According to BBC reporting, there’s a man who got a copy of his driving data from a company called LexisNexis. It was 130 pages long. Six months of every trip he and his wife took, logged, packaged, and sold without them knowing. Shortly after, his insurance costs jumped 21%. An insurance agent confirmed the data was a factor.
He hadn’t signed anything that felt like permission. He’d just set up his car’s infotainment system.
That’s where we are with car privacy in 2026. Modern vehicles are collecting your location, your speed, how hard you brake, who’s sitting next to you, and in some cases your weight, age, facial expressions, and driving patterns. Mozilla examined 25 car brands and found every single one failed its privacy and security standards. Cars, Mozilla concluded, were the worst product category it had ever reviewed for privacy. And most people have no idea any of this is happening.
What your car already knows about you
Location data is the obvious one. Your car knows everywhere you go, how often, and at what time. But modern vehicles go further. Sensors in the seats, dashboard, steering wheel, and cabin cameras can capture your weight, your age, your facial expressions, whether you’re wearing a seatbelt, and how you react behind the wheel. Kia’s privacy policy at one point listed “sex life” among the categories of data the company may collect, something a spokesperson later attributed to California’s legal definition of sensitive data rather than actual collection, though the company declined to specify what it does collect.
General Motors sold driver location data to LexisNexis, a data broker that packages and resells consumer information. Both federal and state agencies took action. GM is now barred from selling vehicle data for five years but faces no permanent prohibition and can resume the practice afterward with consent requirements attached. LexisNexis is still buying data from other manufacturers and apps.

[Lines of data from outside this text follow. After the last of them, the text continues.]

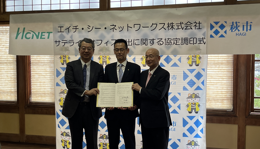 (写真は左からエイチ・シー・ネットワークス株式会社 大江愼一社長、山口県産業労働部 縄田浩之企業立地統括監、田中文夫市長)
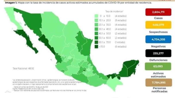 Estimó que del total de casos, hay 63 mil 93 activos, es decir, aquellas personas que presentaron síntomas en los últimos 14 días y pueden ser contagiosas.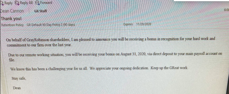 That’s what’s happening at GrayRobinson. The firm, which made $156,100,000 in 2019 gross revenue, making it 169 on the 2020 Am Law 200 ranking, sent an email to all staff members, letting them know they’re getting a bonus, payable today.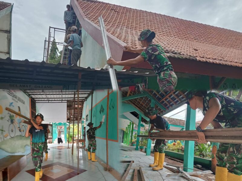 Suasana pagi yang masih diselimuti gerimis tipis, kembali bernapas bersama irama palu dan derit bambu. Di halaman SMP Negeri 2 Gondangwetan prajurit Satgas TNI Manunggal Membangun Desa (TMMD) Ke-127 Kodim 0819/Pasuruan bergerak selaras bagai satu tubuh. Seragam loreng hijau tua berpadu dengan sepatu boot kuning cerah menjadi warna dominan yang menghiasi renovasi sekolah di Desa Wonosari, Kecamatan Gondangwetan, Kabupaten Pasuruan, Sabtu (28/2/2026).

Mozilla found 19 of the 25 car brands it studied said they might sell your data. That’s not a loophole. That’s the business model.
The permission structure that enables all of this is the privacy policy you clicked through when you set up your infotainment system. Or the terms you agreed to when you downloaded the companion app. Or the insurance telematics program you enrolled in hoping for a discount. A Maryland analysis found 31% of drivers who enrolled in telematics saw their rates drop. Prices went up for 24% and 45% saw no change. The data collection happened for everyone regardless of outcome.
The law
A federal mandate is coming that will require car manufacturers to install advanced impaired driving prevention technology in new passenger vehicles. The intent is legitimate, keeping drunk and drowsy drivers off the road using infrared cameras and biometric sensors that monitor eye movement, body language, and other behavioral signals.
The problem is the law includes zero provisions addressing what happens to the data these systems create.
Privacy advocates are not arguing against keeping impaired drivers off the road. The argument is harder to dismiss. You are about to have biometric health data, infrared scans of your body and behavior, collected every time you sit behind the wheel, with no rules limiting what automakers can do with it, who they can sell it to, or how long they can keep it.
The National Highway Traffic Safety Administration said it is committed to reducing impaired driving fatalities and continues to address privacy concerns. That’s not a framework. That’s a statement of intent with no enforcement mechanism attached.
Jen Caltrider, who led Mozilla’s car research, put it directly: “So many of the data collecting advances we see in cars are done under the guise of safety.” The impaired driving mandate is the clearest example of that pattern yet. A legitimate safety goal becomes the mechanism for expanding the data collection empire with legal cover and no corresponding protections.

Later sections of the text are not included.